Esto tiene consecuencias para el estatus mental de inmunidad de la «sociedad ilustrada»: ésta no sólo sabe ahora lo que sabe, sino que ha de hacerse, además, una opinión de cómo desea vivir, en cada caso, con los estadios explicativos que ha alcanzado. Se muestra a los modernos con creciente fuerza explosiva que el progreso de la capacidad de saber no se convierte consecuentemente en análogas ventajas de inmunidad. Saber no es precisamente poder, sin más. Cuando, como sucede ahora, se describen o descubren quinientas nuevas enfermedades al año, no por ello crece inmediatamente la seguridad de los habitantes en la orgullosa torre de la civilización. Si se hace balance, a causa de su explicitud creciente (y reprimibilidad limitada), los conocimientos desarrollados sobre la arquitectura de seguridad de la existencia –desde el campo médico hasta el político, pasando por el jurídico– actúan a menudo como desestabilizadores. A causa de los efectos contraproducentes de la explicación avanzada se co-explicita la latencia, como tal, en sus funciones plausibles.
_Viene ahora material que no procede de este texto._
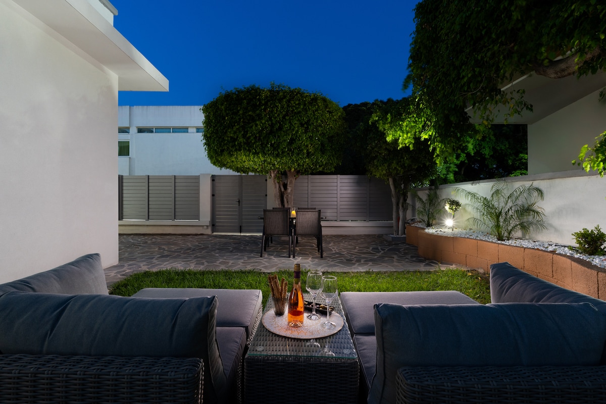 The luxurious pool-villa is set on the residential area of Ialysos beachfront (±500m away) and provides an ideal gateway for families, couples and groups (up to 6 - or 7 in special cases - people), who seek a unique and relaxing holidays, while at the same time want to be near everything, since it is conveniently located very close to the City of Rhodes. Thanks to its location the villa offers privacy and pool relaxation while you can simultaneously be in Rhodes city Center in just 15 minutes.
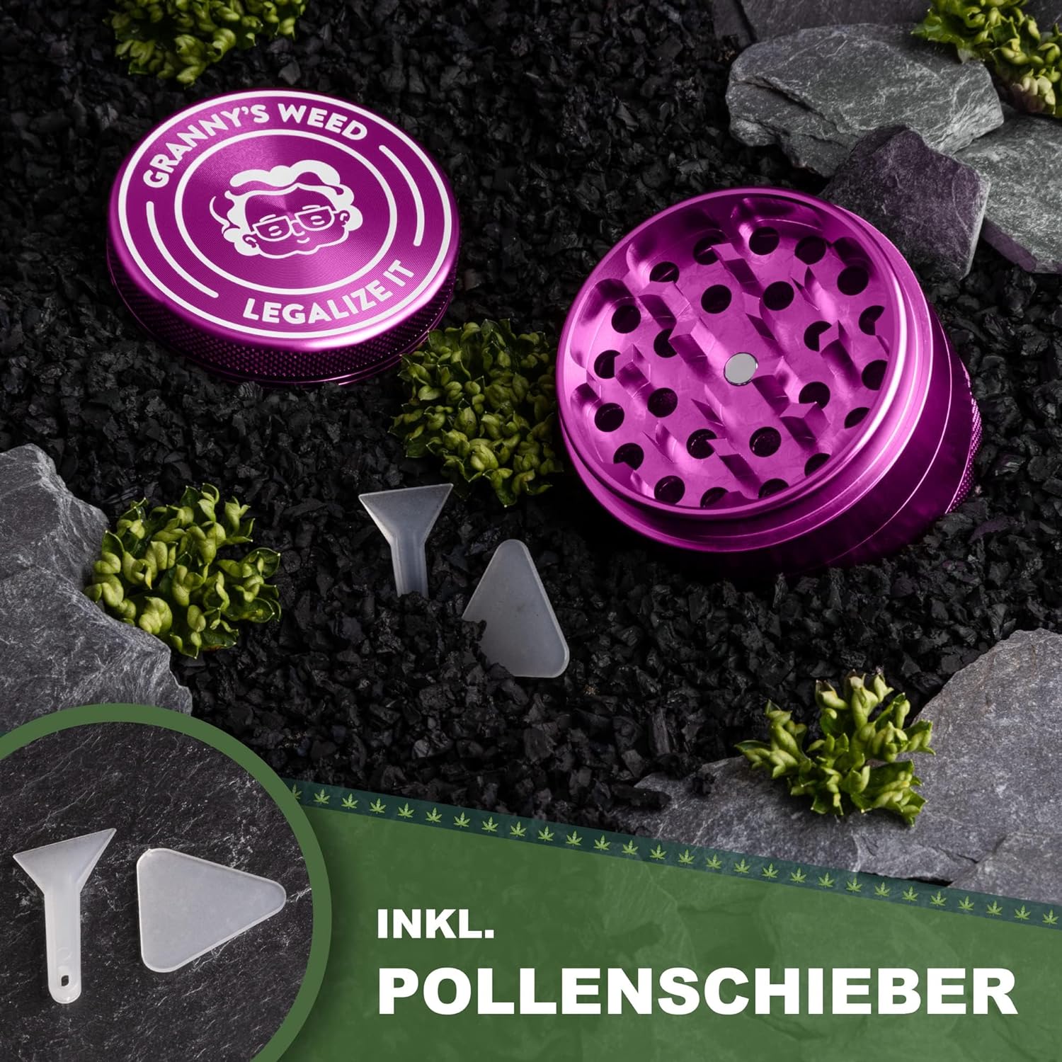 Im Lieferumfang enthalten ist unser GRANNY'S Grinder mit einem Durchmesser von 55 mm aus Aluminium sowie ein praktischer Pollenschieber.
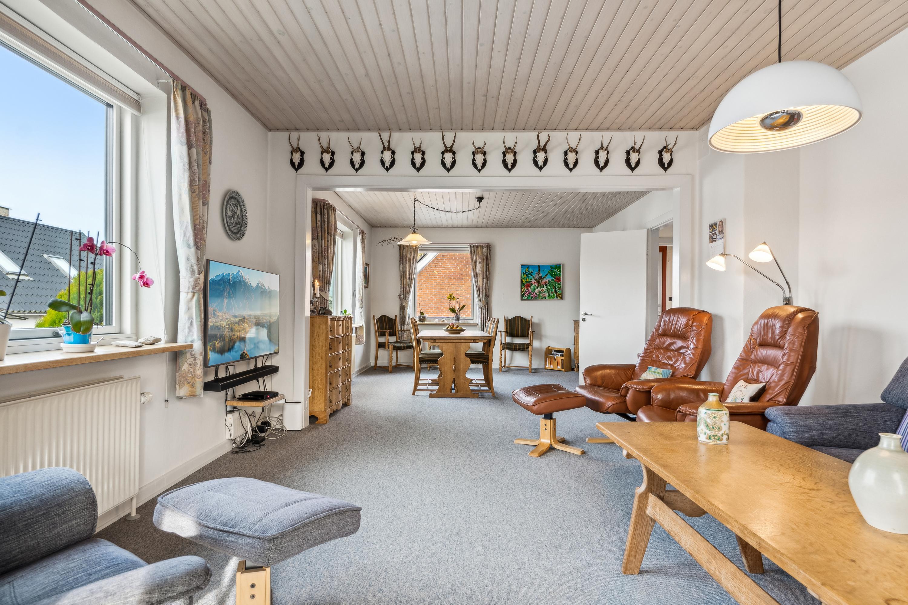 Nord for Silkeborg i den hyggelige landsby, Serup, ligger denne villa med 194 etagemeter, som fordeler sig ligeligt mellem stueplan og den anvendelige kælder. Der hører en god indkørsel til og en garage med plads til to biler.

Retroactivamente, a quien llega al saber se le vuelve claro lo que tenía de no-saber. Ahora se muestra que estados pre-ilustrados o pre-explícitos pueden ser relevantes inmunológicamente como tales; al menos en el sentido de que la estancia en lo no desplegado permite, de modo temporal y en algunos aspectos, sacar provecho psíquicamente de ciertos efectos protectores del no-saber. Esto lo reconocieron ya autores antiguos como Cicerón, por ejemplo, que explica: «Ciertamente, la ignorancia de los males futuros es más útil que su conocimiento».[[«Certe ignoratio futurorum utilior est quam scientia», De divinatione II, 23.]] Puede que el descubrimiento de estos contextos esté en conexión directa con la invención de las religiones salvíficas. Sí, quizá lo que la tradición cristiana llamó creencia no fue en principio otra cosa que un cambio de actitud programático, progresivo-regresivo, de un saber debilitante a una ignorancia fortificadora conectada con una ilusión humanitaria. La vera religio tuvo éxito ante el trasfondo de la ilustración antigua porque podía ser recomendada como cura sacerdotal-terapéutica de la enfermedad del realismo imperial. Por su forma contrafáctica, la fe ofreció a sus practicantes la oportunidad de aferrarse a un fantasma portador de salvación, aunque fuera en contra de un mejor saber sobre las circunstancias funestas, que ahora se llamaban, audazmente, externas.